You're welcome. There are innumerable photos on-line of almost every place, not just New York, taken since the invention of photography. Videos too, going back to the first film-making around the end of the nineteen century. Some of those have been remastered to remove the "flicker" of old cameras that had fewer frames per second than today. Some of them have been colorized too. It's amazing how many people have been documenting all this stuff.

A lot of work has gone into organizing this. These are two such sites.

https://www.oldnyc.org/

https://1940s.nyc/map#13.69/40.7093/-73.99397
 
I like the "Broken People Find Each Other" trope.
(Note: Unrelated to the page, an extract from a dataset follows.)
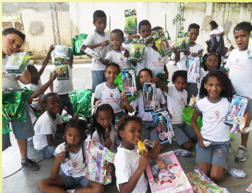
A ação "Um dia de brinquedo" trouxe a alegria de se sentir querido e lembrado

Two people, beaten down by unfaithful spouses, ruthless bosses, or just plain hard life find each other and prop each other up, fall in love with each other.
 
It's amazing how many people have been documenting all this stuff.
There's plenty of Youtube channels with such old footage, including decades-old TV shows. You can sometimes reach surprising far in the past this way and yet still remain within living memory.

I once saw a recording of British TV from (I believe) 1960s. They were interviewing Bertrand Russell, who at the time was about eighty, and he recalled what his grandfather (who was a member of the British parliament) once said to him about a "young French upstart" that was the subject of many concerns and discussions in the House of Lords.

The guy in question was Napoleon Bonaparte.
 
I love to write about serial killers, which I can't do on this site, or maybe I could but it'd have to be toned down. What does that say about? I don't know, probably nothing good.